OPINION

Who has the power?

SYRIZA chief Alexis Tsipras belongs to a generation of young people who made their political presence felt at high school by staging occupations and went on to continue their activities at university. When this movement first emerged, the average middle-class Greek did not know what to make of it, but this confusion was soon followed by opposition and anger.

As Tsipras and his kind held sit-ins and rallies, many of their fellow students kept their heads down and distinguished themselves academically only to find themselves today having to look overseas for work. Tsipras, on the other hand, has his eye on the premiership and he may just succeed.

Citizens who have no ulterior motives lament the absence of a new political leadership arising from the middle class, but the middle class itself has gone.

In general terms there is a prevalent nostalgia for the elites that were responsible for Greece’s fate from its founding until just a few decades ago. That said, the sorry state of the country today is the work of the elites from the late 1970s onward. They failed because they did not understand that modernization is not a mechanical process, but one that depends on the formation of new perceptions regarding the whole of society rather than a chosen few.

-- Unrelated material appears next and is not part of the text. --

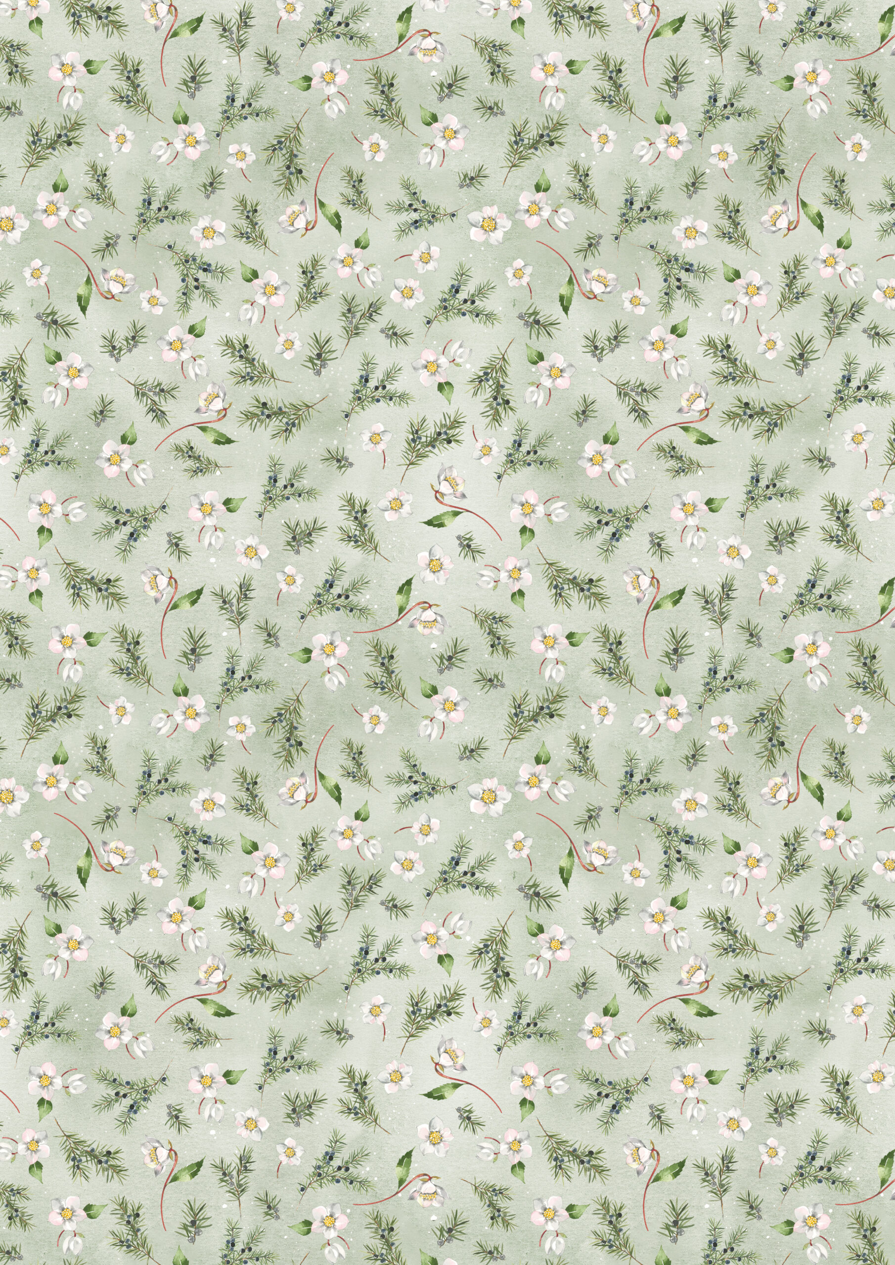 Der Baumwollstoff Mini – Christrose ist eine liebevolle Komposition aus winterlichen Pflanzenmotiven, die wie ein zarter Teppich aus dem Garten eines verschneiten Waldhauses wirken.

Greece has often found itself in trouble, but the monarchy was catalytic in creating a new elite that restarted the nation after crises. The end of the monarchy paved the way for the self-made politician, of which Tsipras is a perfect embodiment. And while being self-made is certainly something to be proud of in other areas, in politics it can be very risky.

The violence of the changes intended to bring the Greek economy in line with that of Europe is what led to the demise of PASOK and the complete fragmentation of the Greek right. We are possibly on the road to the complete demolition of the political system. In the grander scheme of things, Tsipras is simply a manifestation of the delusions harbored by early PASOK. The influence that could redraw the political map is that being exerted by Golden Dawn. It may be curbed by the creation of a unified political body by those who left New Democracy.